Two rings, one at the bottom and one at the top, are placed to compensate for the bracing of the building when demolishing part of the interior structure.
In 54 concentric brackets welded to these rings, we introduce an extractor hood with a structure of aluminium tubes arranged like the ribs of the NERVI domes, which is transformed in its lantern into a chimney with a variable shaft, made up of
a surface ruled by the same aluminium tubes.
From each node an infrastructure will be deployed based on hoses made from the biopolymers manufactured and which we will use to pump water from the river, heat it by exposure to the sun until it boils and expel it to the turbines at the crown of the chimneys.
The pipes of the dome will be joined by means of two clamps, and threaded spheres will be used in the chimney, which will also support the EFTE enclosure that will make up the envelope of this chimney.
Soft membranes of the same biopolymer will be suspended between the hoses.
Each building produces a different type of biopolymer, due to the processing of its waste. Therefore, their interiors will have different materiality depending on the origin of the food, animals from the sea, animals from the land and vegetables.
These membranes increase, on the one hand, the acoustic absorption surface to reduce the noise inside the market, and on the other hand, they increase the light reflectance, to intensify the natural lighting inside the building.
Each module will have a chimney and different crowns, adapting to the air currents generated by the height of the adjoining buildings, the slaughterhouse, the square, the river and the m-30.
On the one hand, to guarantee the extraction of odours from inside the market, and on the other, to house a bio-climatic system to guarantee the comfort of the building and generate energy.
This crown is made up of a network of turbines that convert mechanical energy into electrical energy, turbines that are activated by the pressure of water vapour, a water vapour that comes from a stream of water evaporated by exposure to the sun, thanks to an efte envelope that allows radiation to pass through, but not the cold, a stream of water that has run through the entire network of hoses from its base, filled in by a large pipe filled by pumping water from the Manzanares river.
These pumps will be powered by energy produced on the semi-flat roof, which will have a network of solar collectors.

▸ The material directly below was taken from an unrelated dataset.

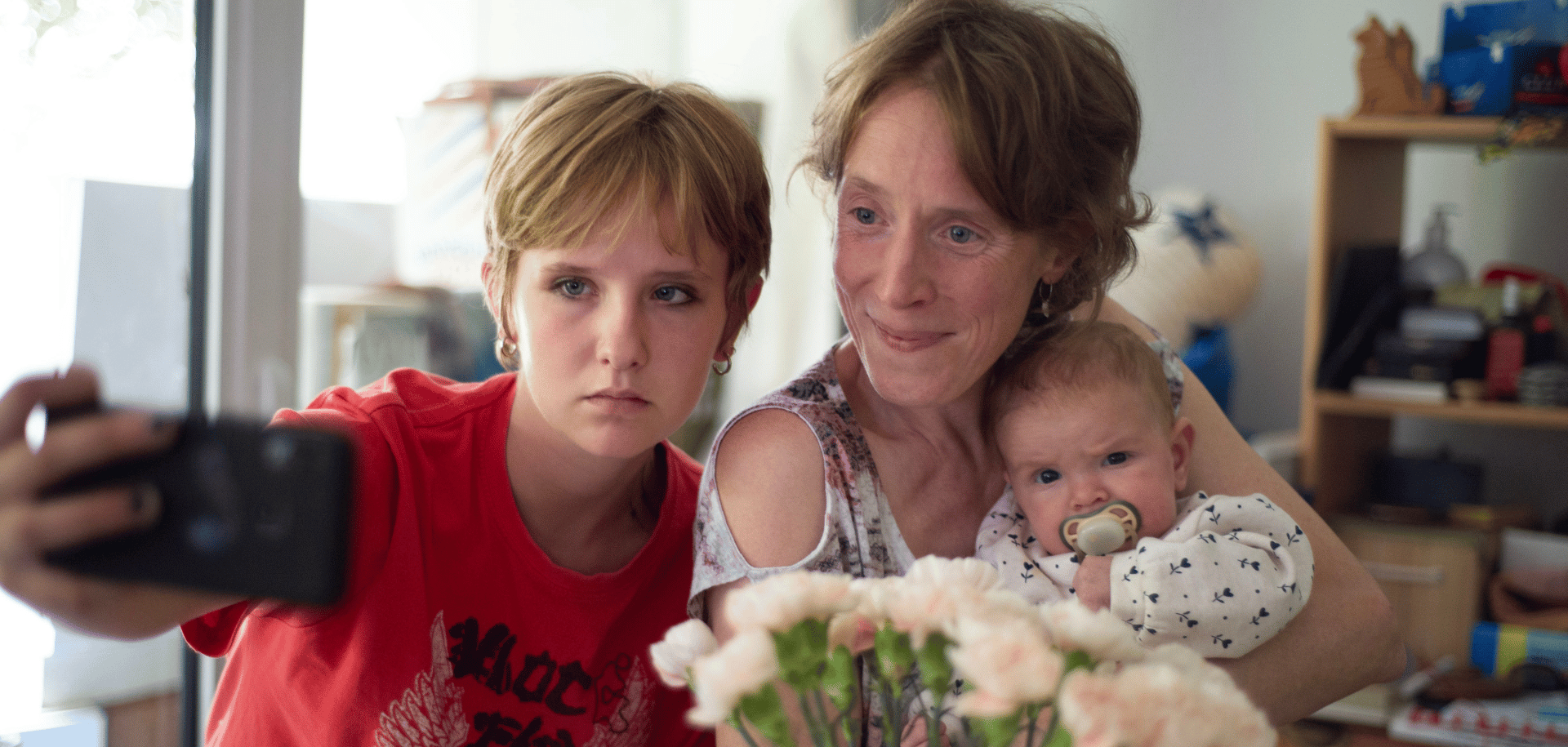 And what of the young fathers and young grandmothers (tellingly, there are zero young grandfathers in the picture, no men willing to take real responsibility) that necessarily form a part of these girls’ worlds? Well, aside from the lovely boyfriend of recovering addict Julie (Elsa Houben), with whom she shares real kindness and patience and practical forward thinking as they get jobs and make plans for living together independently, they’re mostly pieces of shit. Neglectful and violent mothers sit alongside boyfriends who abuse every bit of privilege they’ve got to leave the mothers of their children alone in this world, and it’s heartbreaking to watch the girls debase themselves to ask almost nothing of these should-be family members and still not get it. Most desperate of all is Perla (Lucie Laruelle), who tries everything to get her petty criminal boyfriend to care even a little bit about her and their baby to absolutely no avail.

During the summer, a Canadian shaft cools the hot air from the street due to the thermal inertia of the ground and brings it into the building. The kinetic suction generated by the geometry of the chimney will absorb the hot air, the fumes from the stalls and the bad smells, activating the air circulation of the building.
In addition, the thermal inertia transmitted by the water to the hoses will regulate the interior temperature.
During the winter, the Canadian well and the water pipe will reverse the hot/cold system, and in addition, the thermal inertia of the photovoltaic roof will provide heat and prevent losses.